* INSTRUCTIONS TO FOLLOW
Once the pictures are set aside, transcribe the remaining data exactly.

* INFORMATION SUPPLIED
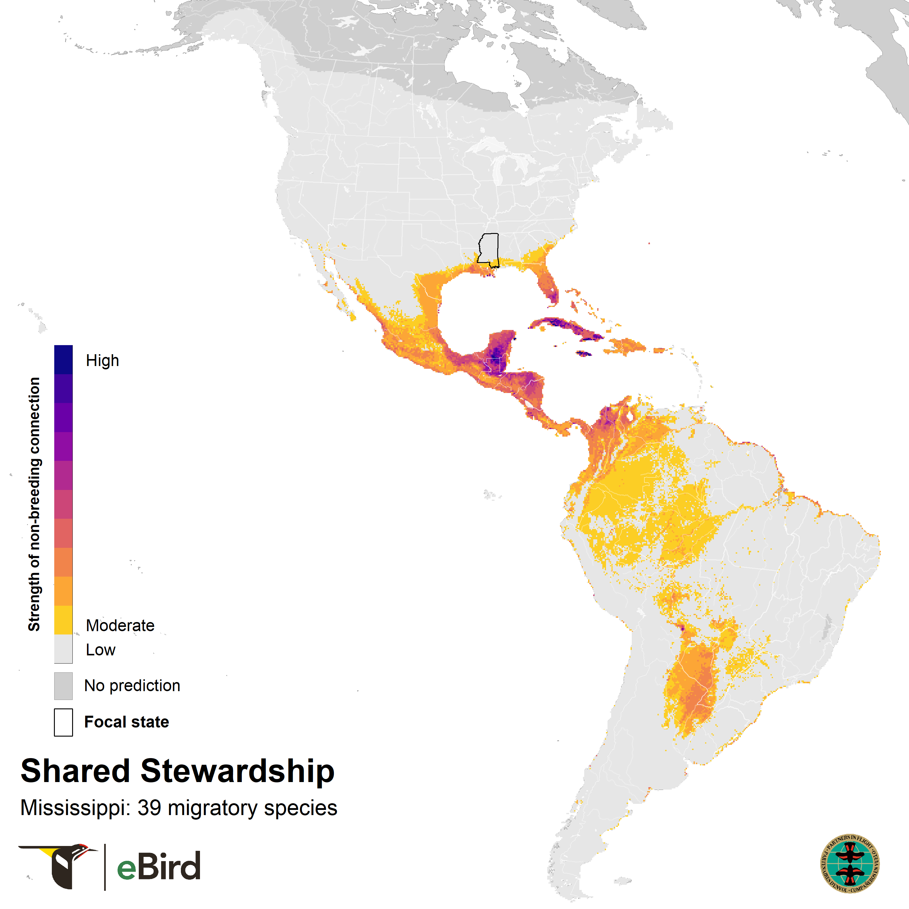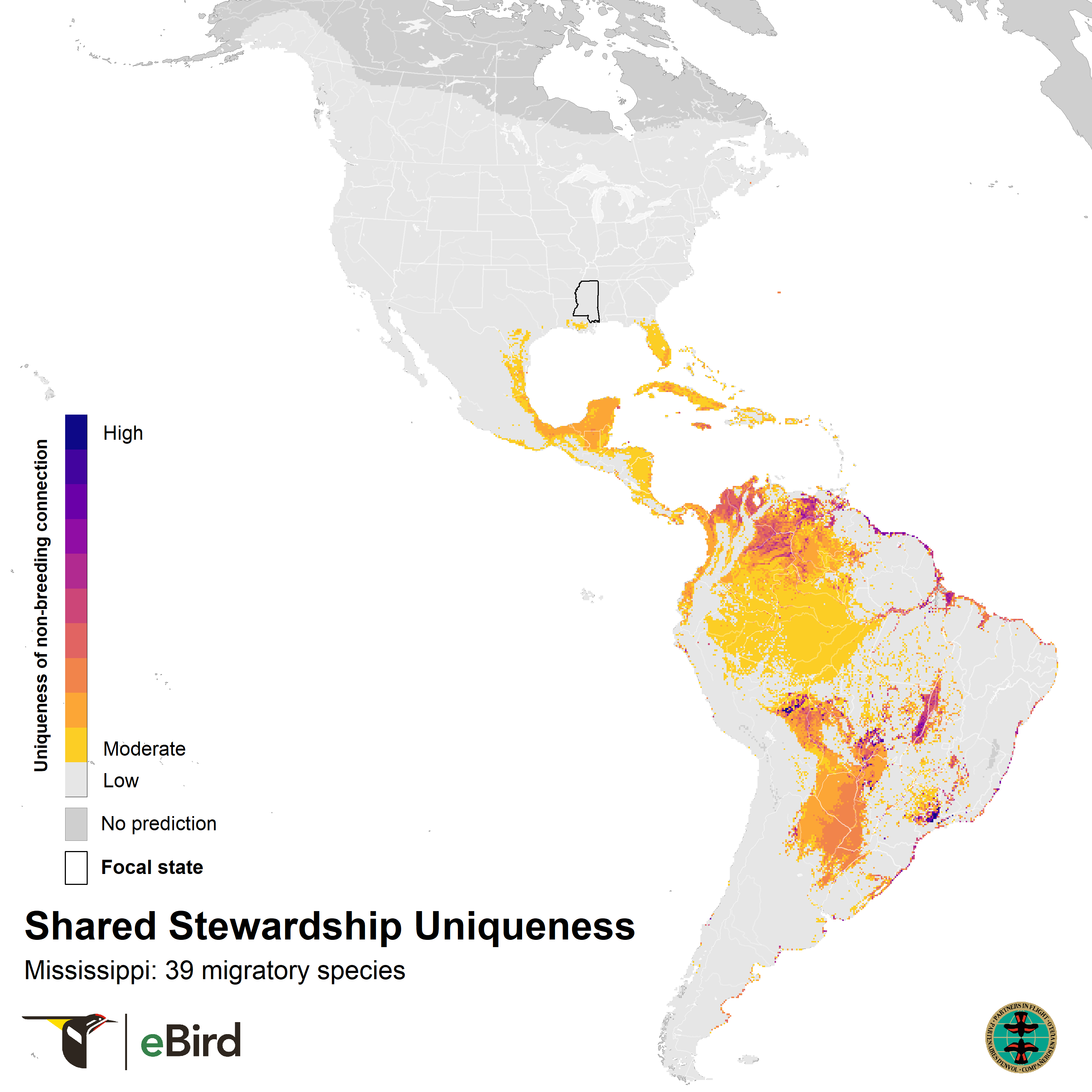 These maps used modeled information on the relative abundance and percent of population of bird species from eBird Status and Trends. Shared Stewardship maps are weighted sums of species’ nonbreeding populations at 3 x 3 km resolution, with the percentage of a species’ breeding population in Mississippi state as the weight. Thus, if a species has a higher percent breeding population in a state, its nonbreeding map will contribute more to that state’s shared stewardship. Shared stewardship uniqueness maps show these values relative to the total connections across all 50 U.S.A. states by calculating the proportion of the total connection strength attributed to Mississippi in each pixel. Download the complete list of species included in this map. For more information visit FAQs and eBird’s portal for state-level summaries.
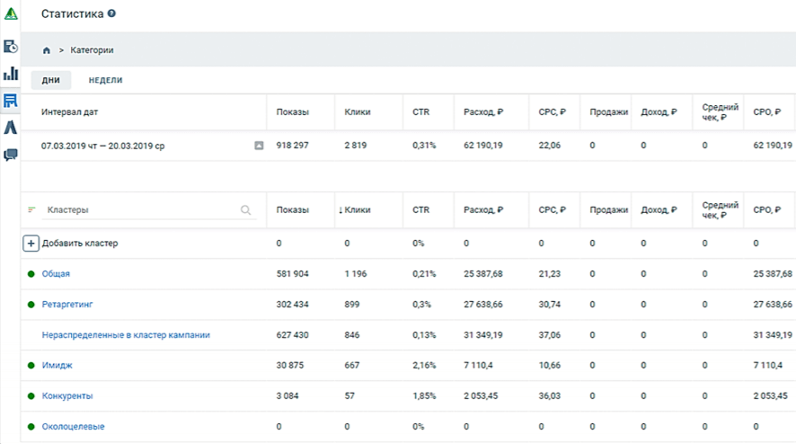 После этого создали кластеры рекламных кампаний, объединив их по сегментам, например, по поиску и РСЯ. Проанализировали сегментированную статистику, в частности, сегменты Яндекс.Директа в разрезе рекламных кампаний, площадок и ключевых запросов.
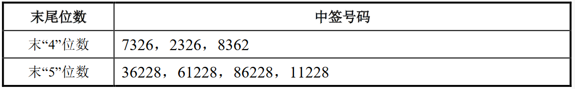 凡参与网上发行申购国泰新点软件股份有限公司股票的投资者持有的申购配号尾数与上述号码相同的,则为中签号码。中签号码共有5.381万个,每个中签号码只能认购500股新点软件股票。

* SOLUTION TO THE PROBLEM
 These maps used modeled information on the relative abundance and percent of population of bird species from eBird Status and Trends. Shared Stewardship maps are weighted sums of species’ nonbreeding populations at 3 x 3 km resolution, with the percentage of a species’ breeding population in Mississippi state as the weight. Thus, if a species has a higher percent breeding population in a state, its nonbreeding map will contribute more to that state’s shared stewardship. Shared stewardship uniqueness maps show these values relative to the total connections across all 50 U.S.A. states by calculating the proportion of the total connection strength attributed to Mississippi in each pixel. Download the complete list of species included in this map. For more information visit FAQs and eBird’s portal for state-level summaries.
 После этого создали кластеры рекламных кампаний, объединив их по сегментам, например, по поиску и РСЯ. Проанализировали сегментированную статистику, в частности, сегменты Яндекс.Директа в разрезе рекламных кампаний, площадок и ключевых запросов.
 凡参与网上发行申购国泰新点软件股份有限公司股票的投资者持有的申购配号尾数与上述号码相同的,则为中签号码。中签号码共有5.381万个,每个中签号码只能认购500股新点软件股票。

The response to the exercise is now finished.